A routing microservice routes to the correct model serving microservice depending on the user request if he wants to address the 117M parameter GPT2-small model or the 345M parameter GPT2-medium model.

PS: if you’re curious how we trained this Dutch GPT2 model: we outlined it perfectly (if we say so ourselves) in this blogpost. If you want to get freaky with these Dutch models yourself, you can find them on our HF Hub page.

The final user-facing application looks as follows:

Try it for yourself at

The current setup has some difficulties though:

The responses take some time to generate, especially with the medium-size model, reducing the user experience.

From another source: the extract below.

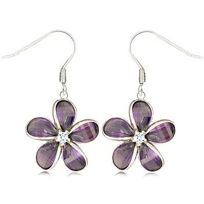 Sterling Silver Badge Design with Square-Cut Amethyst Purple CZ Pendant

Second, the container is quite big because of the large models, so we either have to:

  • autoscale it to zero to keep the cost down, but then have a large startup time from a cold start
  • let it run continuously, burning cash

So, in this blogpost we’re going to improve this model serving component by quantizing it to make it run smoother, hopefully without losing too much expressive quality.

Quantization to reduce the footprint

We’re not going to go into detail on what quantization is. If you wanna get a great primer on this: we wrote a blogpost on this and other model efficiency aspects here.

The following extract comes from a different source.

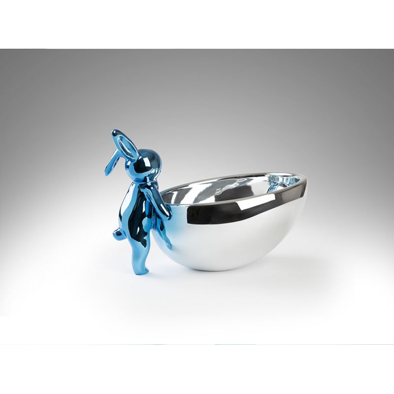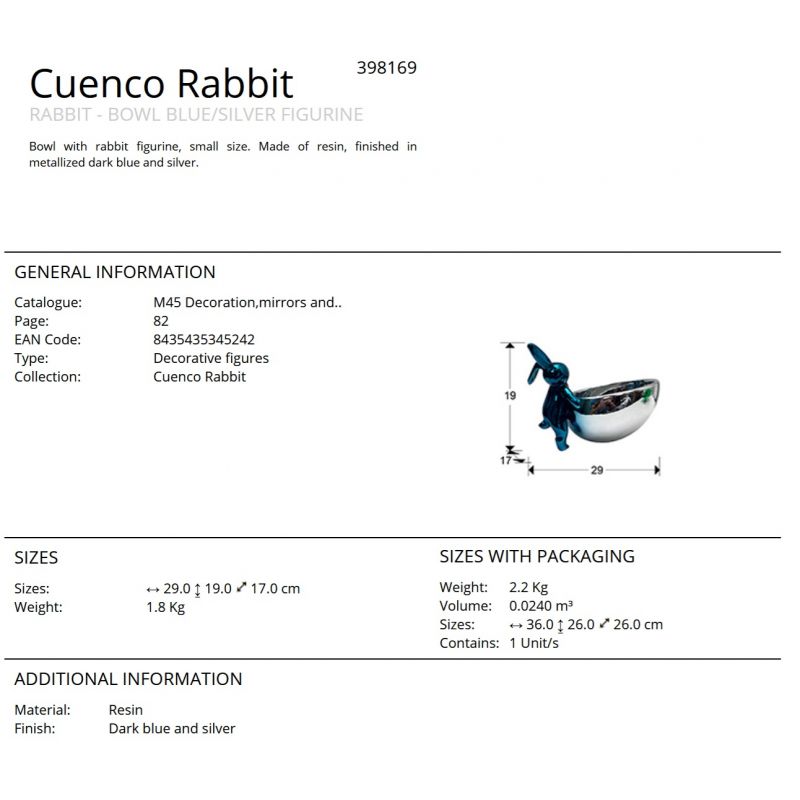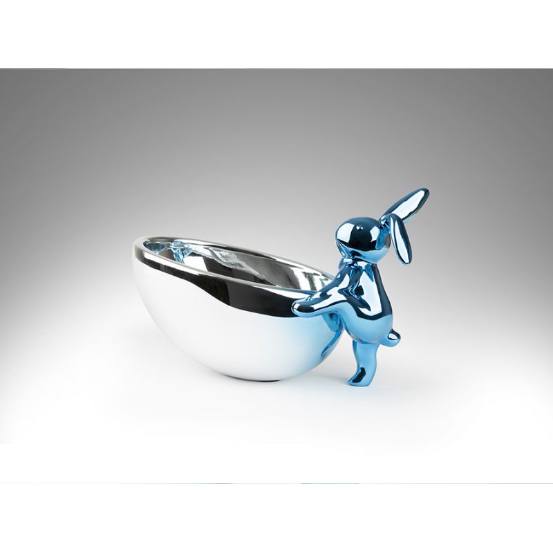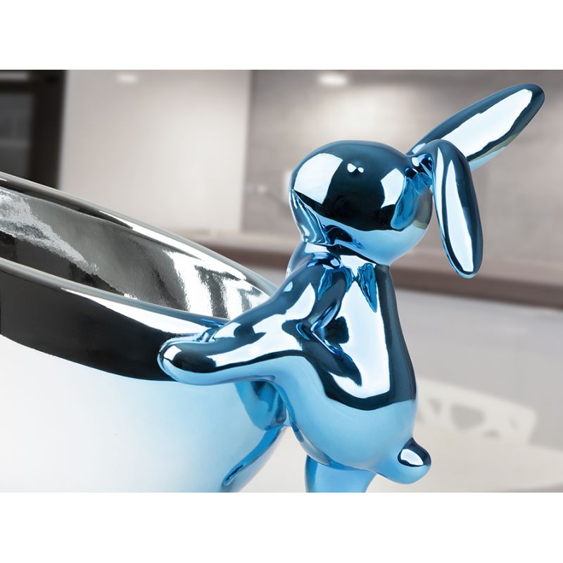 | Materiale | bol cu figurină iepure, de dimensiuni mici, fabricat din rășină, finisat în albastru închis metalizat și argintiu |

TDLR: by reducing the precision of the weights in the Linear and Embedding layers from fp32 to int8 through a mapping action, the memory footprint of a model is greatly reduced!

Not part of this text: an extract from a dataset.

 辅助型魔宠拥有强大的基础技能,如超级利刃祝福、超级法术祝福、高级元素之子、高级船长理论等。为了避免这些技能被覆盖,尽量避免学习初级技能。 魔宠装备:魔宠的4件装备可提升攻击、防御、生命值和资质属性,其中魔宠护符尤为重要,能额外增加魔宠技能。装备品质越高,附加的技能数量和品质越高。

Quantization is quite an active field, so a number of libraries offer options to quantize your model:

Even though we’re huge fans of where Optimum is heading, in this post, we used the last solution, because of the great support for GPT2 quantization through examples and dedicated helpers.

If you’re just here for the code goodies, you can find all of the code for this blogpost link !

Quantization using ORT only involves three simple steps:

1. Convert the PyTorch model to an ONNX model

All the upcoming transformations happen through the ONNXRuntime (ORT) library, so it’s only logical that these steps will require an ONNX binary. This can easily be done using HF + ORT:

2. Optimize the model

Model optimization involves a few operations to make the model graph more streamlined. One such example is fusing sequential operations into a single step.

3. Quantize the model

This is where the actual quantization happens, or in other words: the mapping of the FP32 weights values to the INT8 value range.

Run it using ORT

To actually use the model artifact (ONNX binary file), we of course need a runtime to host it. What better runtime for ONNX than ONNXRuntime

To do this, you can easily create an ORT session, which can be fed with the typical inputs otherwise required in a HF model (token id’s, attention masks, etc.) to produce the output logits:

Easy-peasy right? Well, there are a few aspects around ORT sessions to make it work well:

  • IO-binding to avoid data copy
  • Post-processing the logits to enable top_k and top_p sampling, beam search, temperature, etc. Instead of plain greedy decoding
  • Including past inputs to improve the performance
  • EOS special tag detection and processing

We won’t go into detail on all of the code needed for each of these aspects, but you can find them all in the notebook (link again) where they are implemented.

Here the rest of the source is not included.